Aim of the task → Repeat only these lines, exactly: the first line of the data, the line containing "Borsa da giorno", and every line between them. Pictures stay out.

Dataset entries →

= = = = = = =

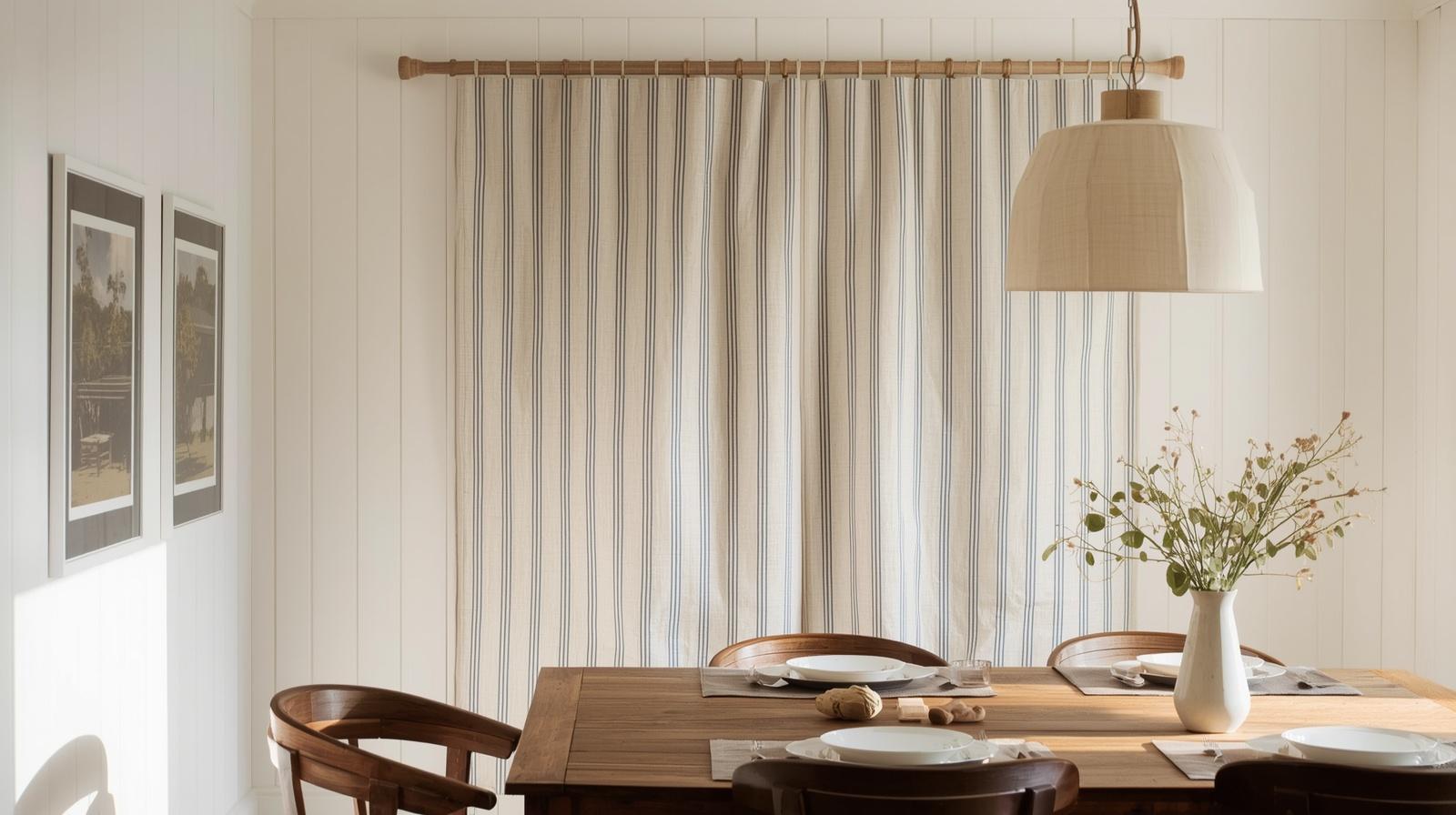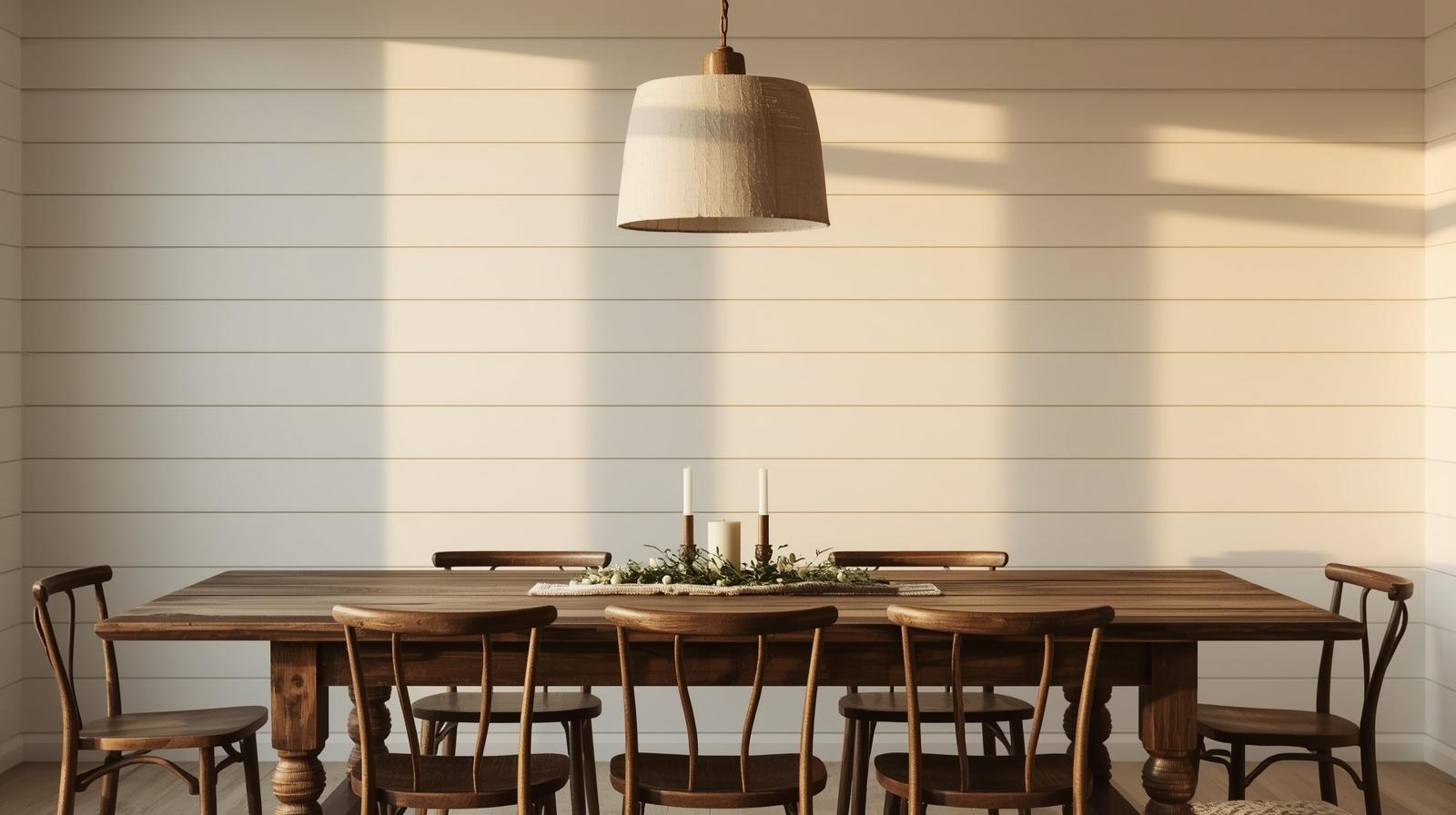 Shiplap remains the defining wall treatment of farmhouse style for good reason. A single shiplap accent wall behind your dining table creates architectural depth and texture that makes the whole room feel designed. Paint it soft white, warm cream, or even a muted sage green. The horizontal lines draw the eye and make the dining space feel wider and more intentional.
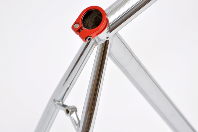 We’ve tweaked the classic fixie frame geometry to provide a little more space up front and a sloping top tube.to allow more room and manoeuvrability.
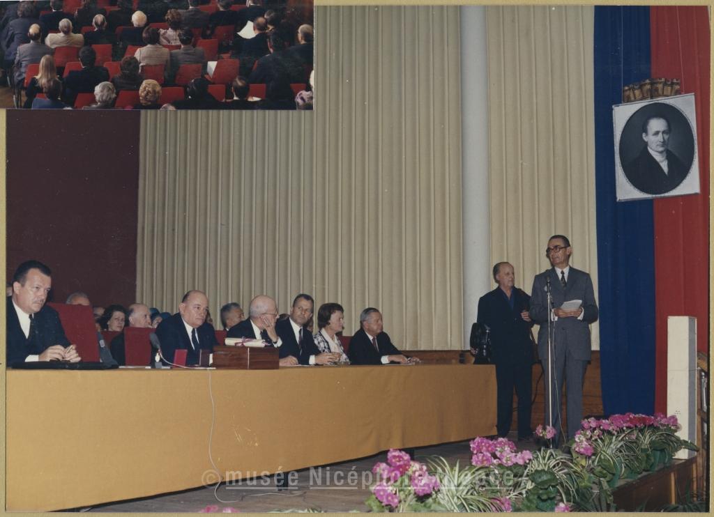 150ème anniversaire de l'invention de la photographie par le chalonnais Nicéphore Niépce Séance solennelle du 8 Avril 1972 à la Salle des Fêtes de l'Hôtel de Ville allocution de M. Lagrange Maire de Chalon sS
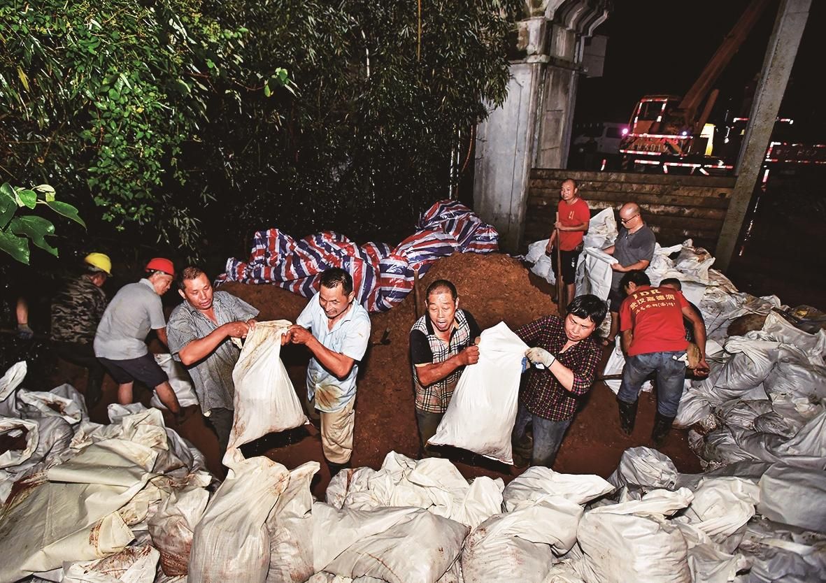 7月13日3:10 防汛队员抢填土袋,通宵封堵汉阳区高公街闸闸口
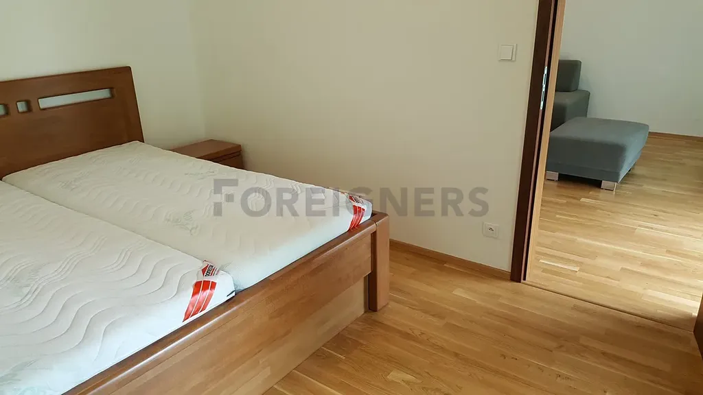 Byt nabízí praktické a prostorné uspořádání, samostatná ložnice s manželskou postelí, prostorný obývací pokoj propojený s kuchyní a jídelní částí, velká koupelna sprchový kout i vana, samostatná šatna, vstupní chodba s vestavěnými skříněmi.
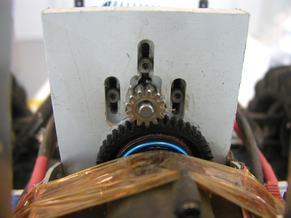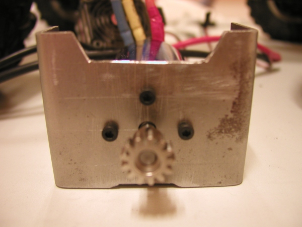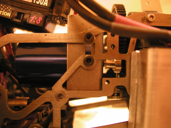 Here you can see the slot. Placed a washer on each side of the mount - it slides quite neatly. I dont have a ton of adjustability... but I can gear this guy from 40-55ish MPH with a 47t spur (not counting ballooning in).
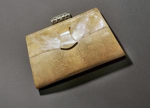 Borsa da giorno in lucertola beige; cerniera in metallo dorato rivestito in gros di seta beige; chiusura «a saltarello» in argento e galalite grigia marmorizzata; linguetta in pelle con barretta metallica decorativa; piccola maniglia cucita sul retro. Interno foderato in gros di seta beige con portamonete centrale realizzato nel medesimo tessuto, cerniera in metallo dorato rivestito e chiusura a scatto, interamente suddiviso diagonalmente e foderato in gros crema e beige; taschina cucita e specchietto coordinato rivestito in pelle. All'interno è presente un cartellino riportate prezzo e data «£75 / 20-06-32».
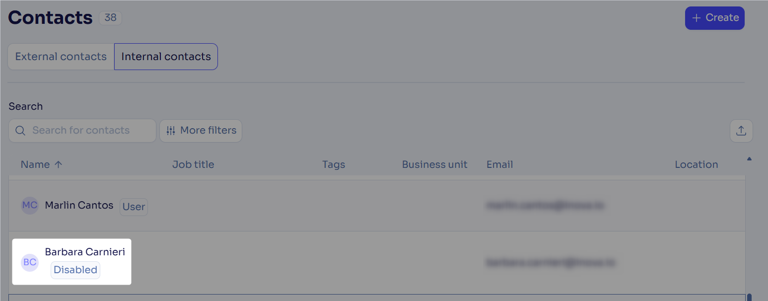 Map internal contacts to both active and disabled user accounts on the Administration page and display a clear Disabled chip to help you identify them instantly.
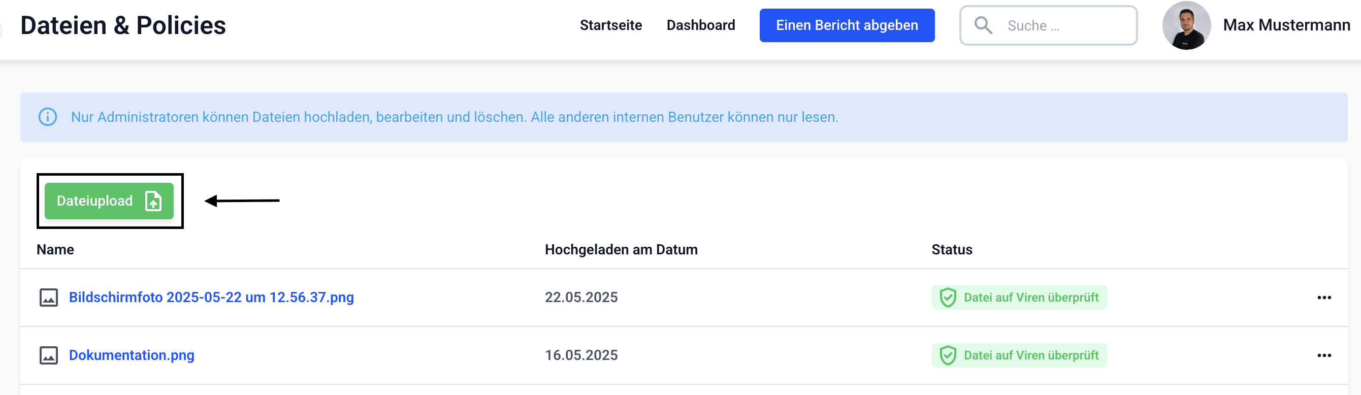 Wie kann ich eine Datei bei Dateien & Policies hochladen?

= = = = = = =

Output →
 Shiplap remains the defining wall treatment of farmhouse style for good reason. A single shiplap accent wall behind your dining table creates architectural depth and texture that makes the whole room feel designed. Paint it soft white, warm cream, or even a muted sage green. The horizontal lines draw the eye and make the dining space feel wider and more intentional.
 We’ve tweaked the classic fixie frame geometry to provide a little more space up front and a sloping top tube.to allow more room and manoeuvrability.
 150ème anniversaire de l'invention de la photographie par le chalonnais Nicéphore Niépce Séance solennelle du 8 Avril 1972 à la Salle des Fêtes de l'Hôtel de Ville allocution de M. Lagrange Maire de Chalon sS
 7月13日3:10 防汛队员抢填土袋,通宵封堵汉阳区高公街闸闸口
 Byt nabízí praktické a prostorné uspořádání, samostatná ložnice s manželskou postelí, prostorný obývací pokoj propojený s kuchyní a jídelní částí, velká koupelna sprchový kout i vana, samostatná šatna, vstupní chodba s vestavěnými skříněmi.
 Here you can see the slot. Placed a washer on each side of the mount - it slides quite neatly. I dont have a ton of adjustability... but I can gear this guy from 40-55ish MPH with a 47t spur (not counting ballooning in).
 Borsa da giorno in lucertola beige; cerniera in metallo dorato rivestito in gros di seta beige; chiusura «a saltarello» in argento e galalite grigia marmorizzata; linguetta in pelle con barretta metallica decorativa; piccola maniglia cucita sul retro. Interno foderato in gros di seta beige con portamonete centrale realizzato nel medesimo tessuto, cerniera in metallo dorato rivestito e chiusura a scatto, interamente suddiviso diagonalmente e foderato in gros crema e beige; taschina cucita e specchietto coordinato rivestito in pelle. All'interno è presente un cartellino riportate prezzo e data «£75 / 20-06-32».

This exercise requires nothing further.